Und das täte auch den Österreichern nicht schlecht: 40 Prozent der Erwachsenen sind laut Ernährungsbericht 2012 übergewichtig, zwölf Prozent davon adipös. Doch schon die Jugend zwischen sieben und 14 Jahren ist zu dick: 22 Prozent der Mädchen und 26 Prozent der Buben bringen zu viel auf die Waage. Abnehmen ist angesagt, auch diesbezüglich haben die beiden Geschlechter unterschiedliche Vorlieben und Vorstellungen.

„Frauen“, so Anita Rieder, „haben prinzipiell viel höhere Erwartungen von einem Abnehmprogramm und unrealistischere Vorstellungen hinsichtlich des erreichbaren Wunschgewichts.“ Beim Abnehmen selbst würden Männer mehr auf den Zug Bewegung aufspringen, während Frauen ihre Kilo eher über die Ernährung verlieren wollen. Die richtige Kombination von beiden wäre das Ideale. Es muss ja nicht immer gleich Nulldiät oder Marathonlauf sein, häufig genügen weit gemäßigtere und praktikablere Maßnahmen.

Fleisch statt Leberkäse

„Einer aktuellen Meta-Analyse zufolge kann man in sechs Monaten allein mit einfacher Fettreduktion drei bis vier Kilogramm abnehmen“, betont Halmschlager. Tipp: statt einer Leberkäsesemmel mit 45 Gramm Fett ein mageres gegrilltes Stück Fleisch mit rund drei bis vier Gramm Fett oder statt eines Backhuhns mit 43 Gramm Fett ein Grillhuhn mit 17 Gramm Fett essen.

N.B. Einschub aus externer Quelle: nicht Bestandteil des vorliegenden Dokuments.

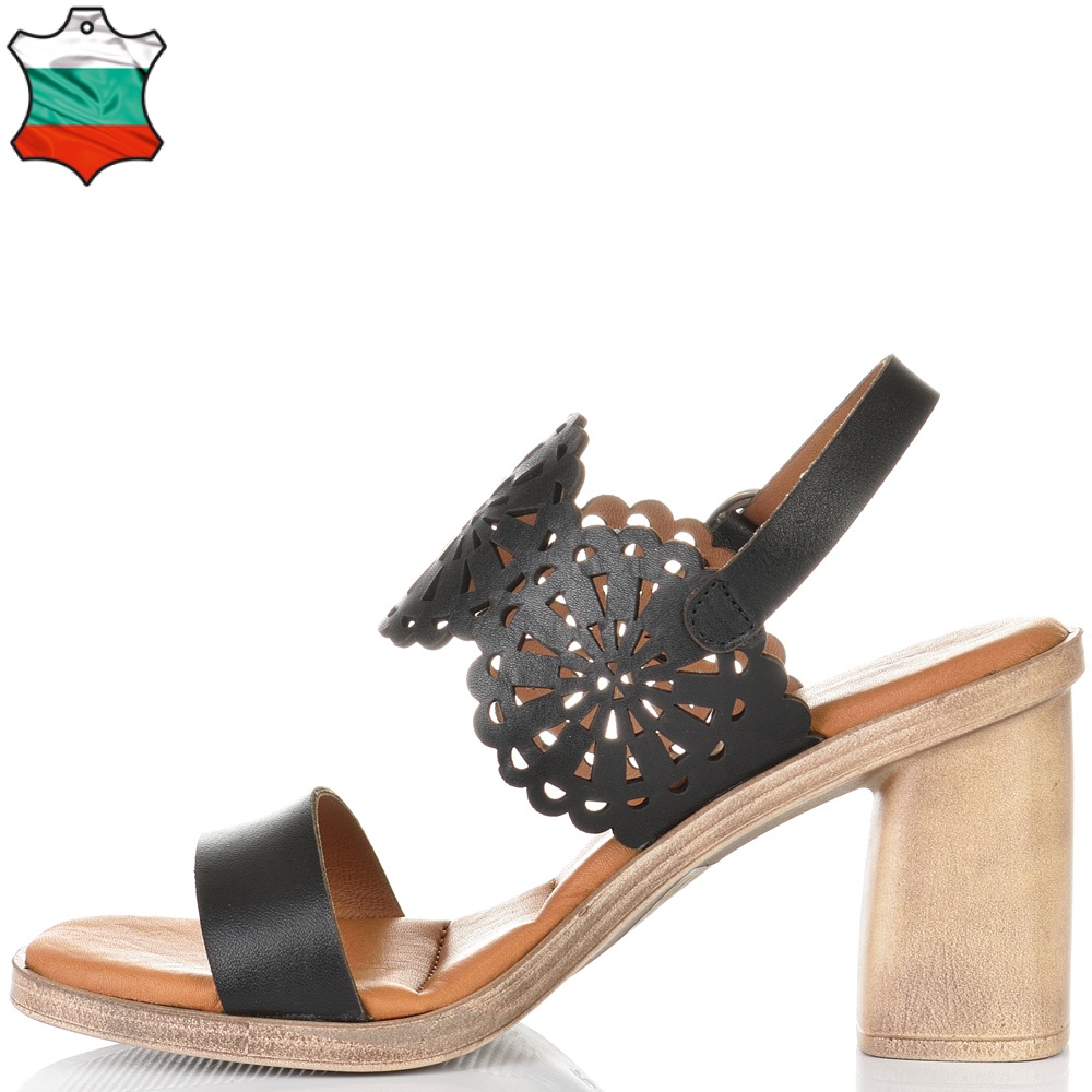 ДАМСКИ САНДАЛИ НА ТОК ОТ ЕСТЕСТВЕНА КОЖА-D3043-ЧЕРНИ

Und wer statt des Lifts immer wieder die Treppe nimmt und für kurze Wege nicht das Auto, sondern die eigenen Füße einsetzt, wird innerhalb eines halben Jahres auch einige Kilo auf der Strecke lassen. Das gilt für beide Geschlechter. Ebenso die Tatsache, dass nicht die Kalorien, die man zwischen Weihnachten und Neujahr vertilgt, den Ausschlag auf der Waage bestimmen, sondern jene, die man zwischen Neujahr und Weihnachten verzehrt.